Чей-то тенью снаружи коротко прервался поток тонких лучей яркого солнца, проникающих внутрь через единое малое оконце под низким потолком, и опять заструился вонзаясь тупым краем в глиняный пол возле головы Мирослава. Лёжа на гнилой соломе, что служила ему подстилкой, он отчуждённо любовался росчерками яриловыми сквозь своё беспросветное уныние. Ничто не могло его вывести из такого состояния. Даже скрип двери сообщивший о раннем посетителе не понудил ни единую черту лица дрогнуть или повестись как-либо. Мирослав не смотрел на того. Он и так его узнал ещё по шагам издали, которые теперь медленно ступали по деревянным порожкам в подклеть. Эти шаги были до недавнего времени родными, а теперь стали ненавистными.

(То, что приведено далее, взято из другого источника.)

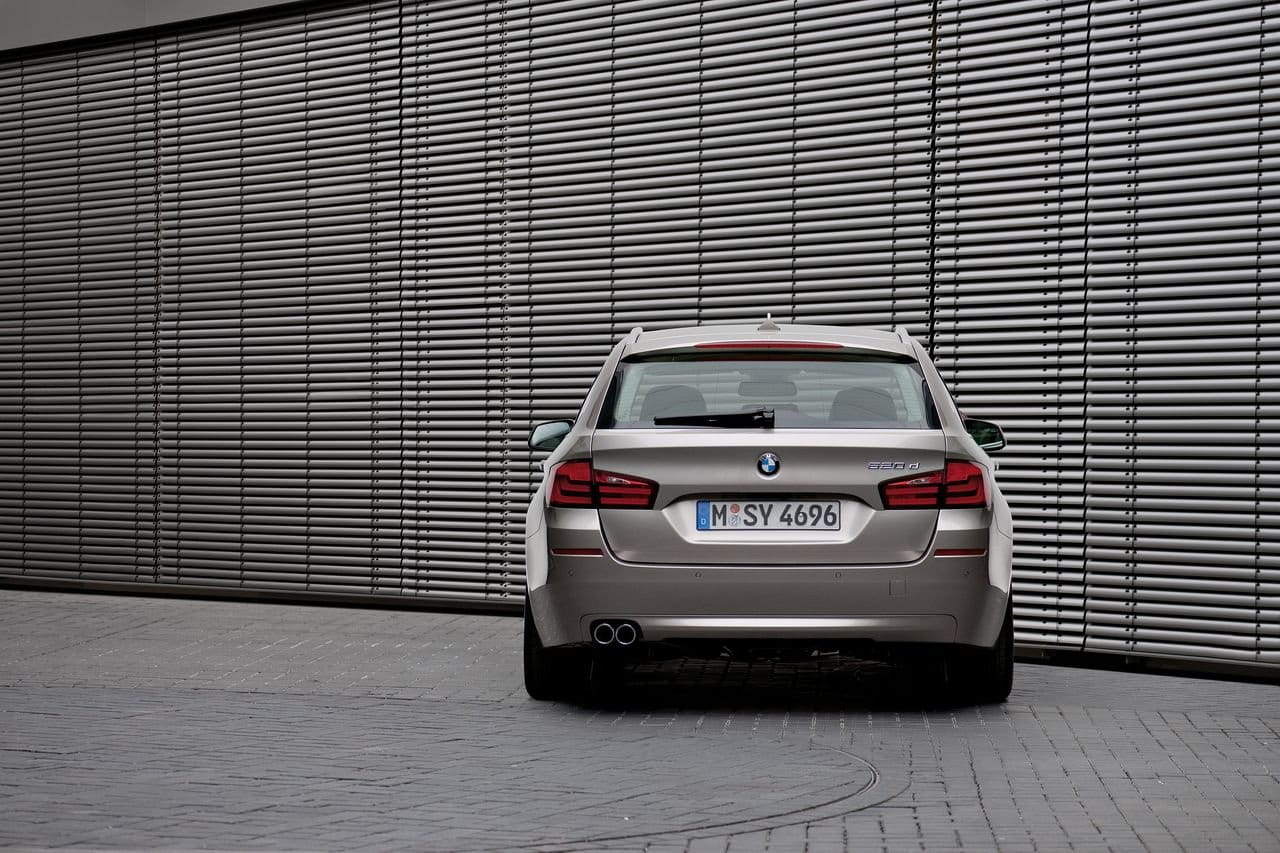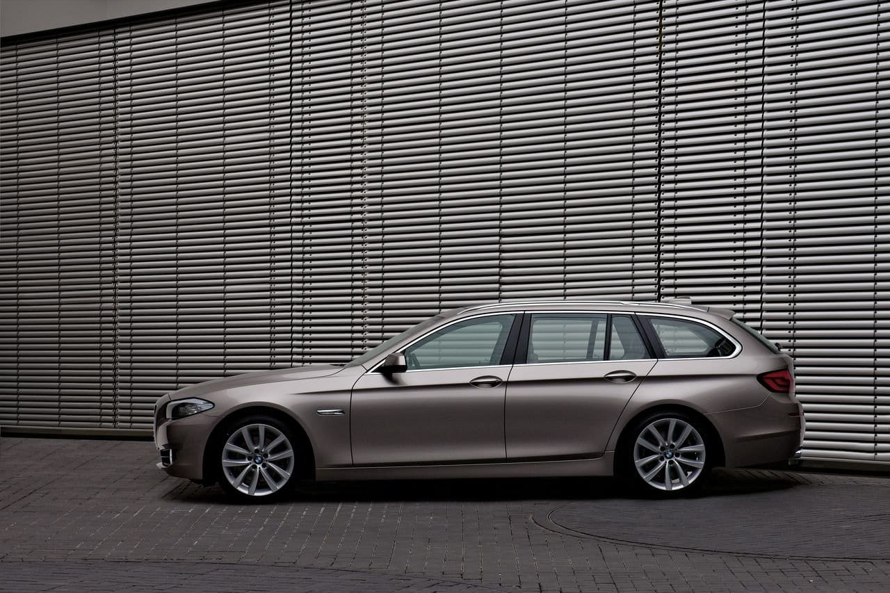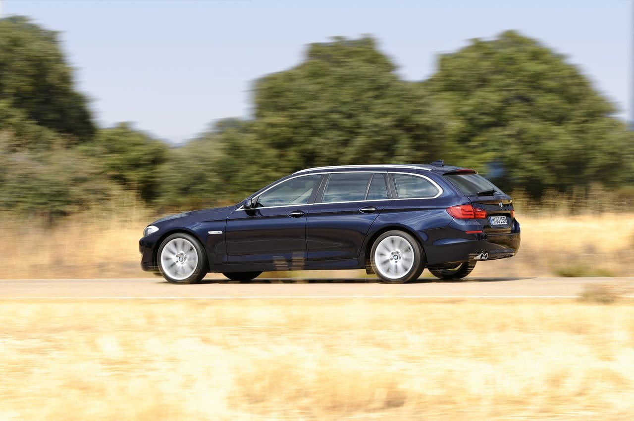 Desde el lejano E34 de 1991 BMW lleva ofreciendo familiares en la Serie 5 y el que tenemos entre manos promete ser el más práctico de todos ellos, amén de el más grande en tamaño y prestaciones. Es un coche grande, que mide nada menos que 4.91 metros de largo, 1.86 metros de ancho y 1.46 metros de alto. El diseño es muy continuista y no arriesga con respecto a su predecesor diseñado por Chris Bangle. La línea lateral es muy limpia y no se quiebra desde el capó hasta la zaga, con gran tensión estética.

Извор присел рядом с Мирославом на корточках, даже не опасаясь того — и что может сотворить человек, который нуждался в посторонней помощи, чтоб сесть в виду своего связанного положения. Это понимал и Мирослав от того и не буянил, сберегая силы — быть может появится ещё возможность отомстить, коли его не прикончили сразу, или это его отчаянием так сковало вкупе с тугими тенётами? Извор помог брату приподняться, усадил того спиной к стене.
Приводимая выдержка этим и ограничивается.